• [Supplied entries]:

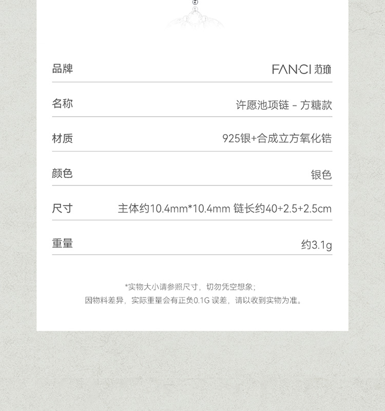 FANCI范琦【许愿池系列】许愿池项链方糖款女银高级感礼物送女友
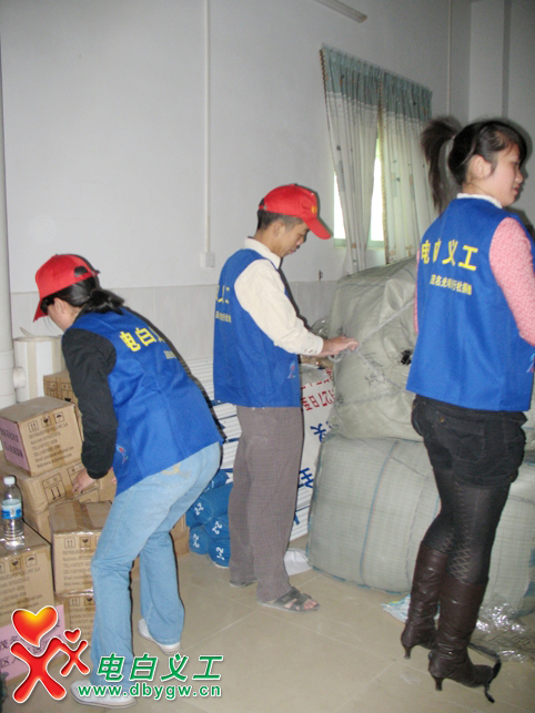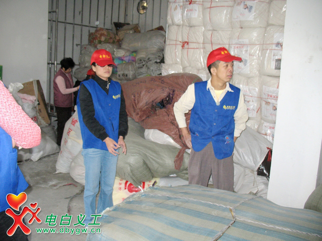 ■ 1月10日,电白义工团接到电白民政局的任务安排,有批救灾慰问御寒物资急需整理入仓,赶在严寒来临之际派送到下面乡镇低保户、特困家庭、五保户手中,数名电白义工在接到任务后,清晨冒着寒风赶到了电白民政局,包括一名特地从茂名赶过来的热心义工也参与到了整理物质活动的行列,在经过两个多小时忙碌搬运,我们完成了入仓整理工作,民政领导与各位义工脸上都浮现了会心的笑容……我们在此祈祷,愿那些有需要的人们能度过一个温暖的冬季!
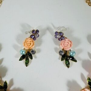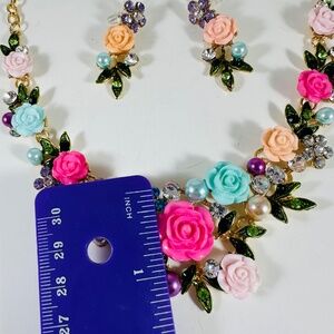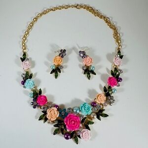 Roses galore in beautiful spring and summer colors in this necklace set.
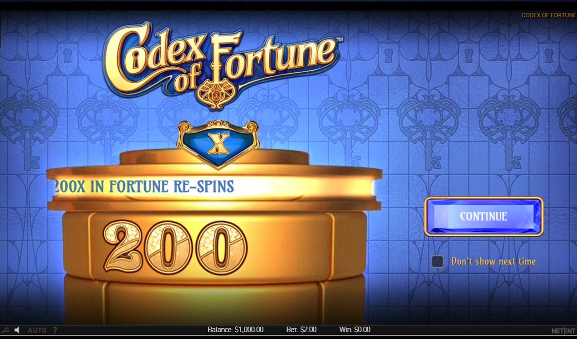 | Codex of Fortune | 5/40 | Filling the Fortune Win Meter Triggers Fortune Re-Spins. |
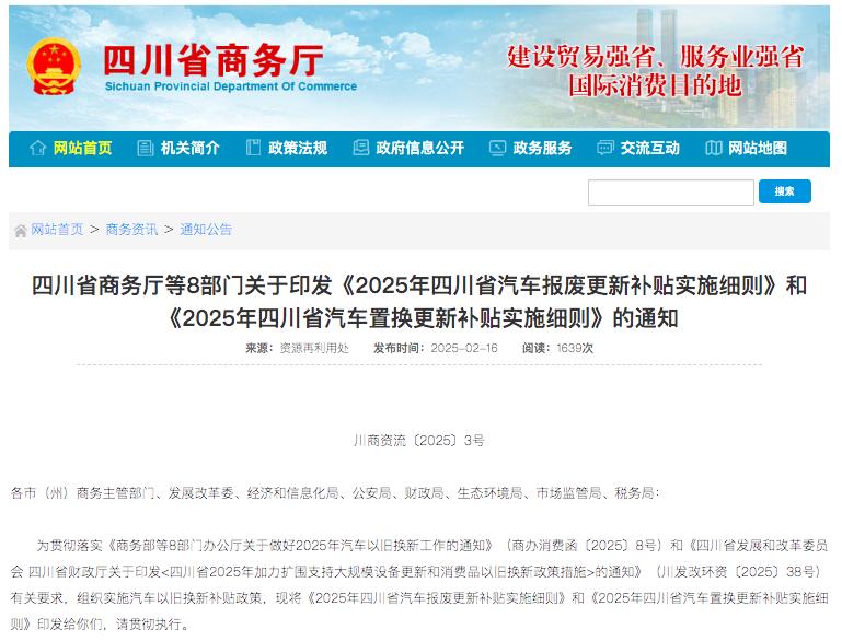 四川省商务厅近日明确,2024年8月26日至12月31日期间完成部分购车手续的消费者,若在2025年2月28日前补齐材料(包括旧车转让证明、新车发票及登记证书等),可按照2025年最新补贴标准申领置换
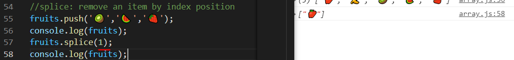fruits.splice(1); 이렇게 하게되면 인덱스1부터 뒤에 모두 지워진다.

• [Exercise instructions]: The records above should be reproduced exactly, with the pictures omitted.

• [Result]:
 FANCI范琦【许愿池系列】许愿池项链方糖款女银高级感礼物送女友
 ■ 1月10日,电白义工团接到电白民政局的任务安排,有批救灾慰问御寒物资急需整理入仓,赶在严寒来临之际派送到下面乡镇低保户、特困家庭、五保户手中,数名电白义工在接到任务后,清晨冒着寒风赶到了电白民政局,包括一名特地从茂名赶过来的热心义工也参与到了整理物质活动的行列,在经过两个多小时忙碌搬运,我们完成了入仓整理工作,民政领导与各位义工脸上都浮现了会心的笑容……我们在此祈祷,愿那些有需要的人们能度过一个温暖的冬季!
 Roses galore in beautiful spring and summer colors in this necklace set.
 | Codex of Fortune | 5/40 | Filling the Fortune Win Meter Triggers Fortune Re-Spins. |
 四川省商务厅近日明确,2024年8月26日至12月31日期间完成部分购车手续的消费者,若在2025年2月28日前补齐材料(包括旧车转让证明、新车发票及登记证书等),可按照2025年最新补贴标准申领置换
fruits.splice(1); 이렇게 하게되면 인덱스1부터 뒤에 모두 지워진다.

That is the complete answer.